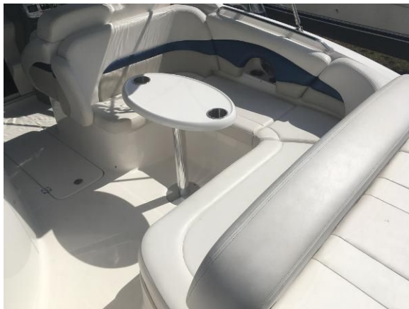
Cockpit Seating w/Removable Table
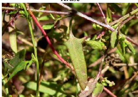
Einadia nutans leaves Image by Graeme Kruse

* * *

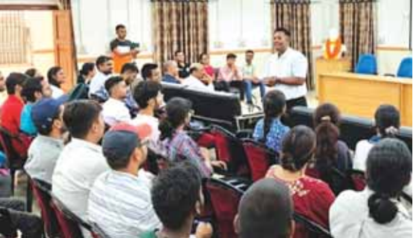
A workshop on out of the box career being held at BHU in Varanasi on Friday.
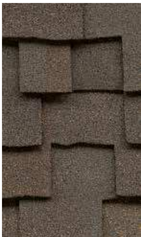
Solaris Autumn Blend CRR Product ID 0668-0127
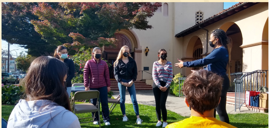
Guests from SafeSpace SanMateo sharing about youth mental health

---

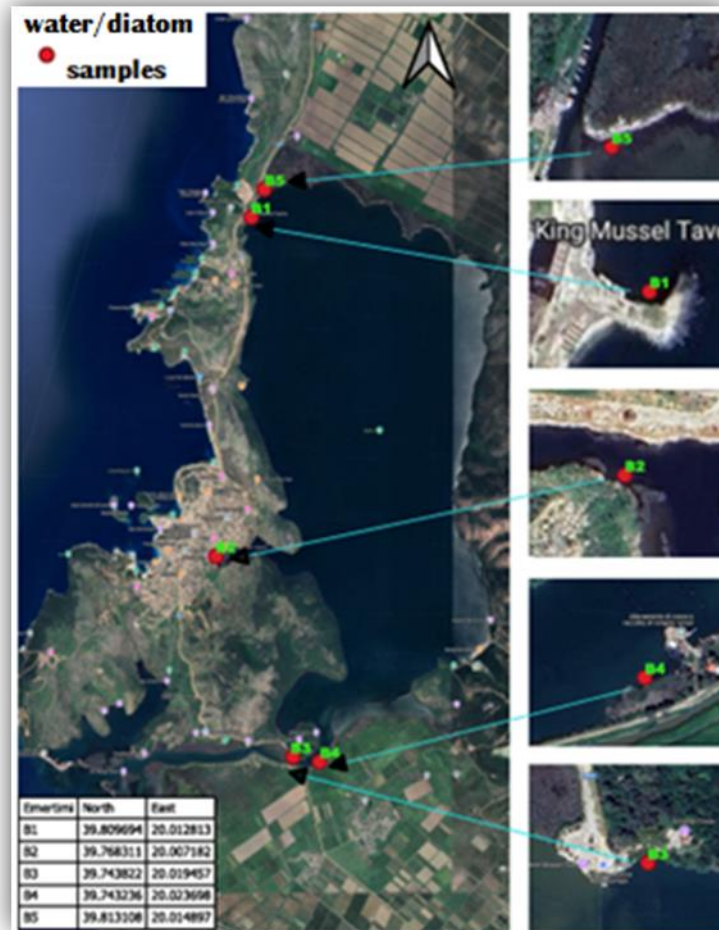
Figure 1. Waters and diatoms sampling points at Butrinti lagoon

**What to produce:**
When copying from the data above, print only the lines from the line containing "Cockpit Seating w/Removable Table" to the line containing "Einadia nutans leaves Image by Graeme Kruse", exactly, and leave the pictures out.

**Result below:**
Cockpit Seating w/Removable Table
Einadia nutans leaves Image by Graeme Kruse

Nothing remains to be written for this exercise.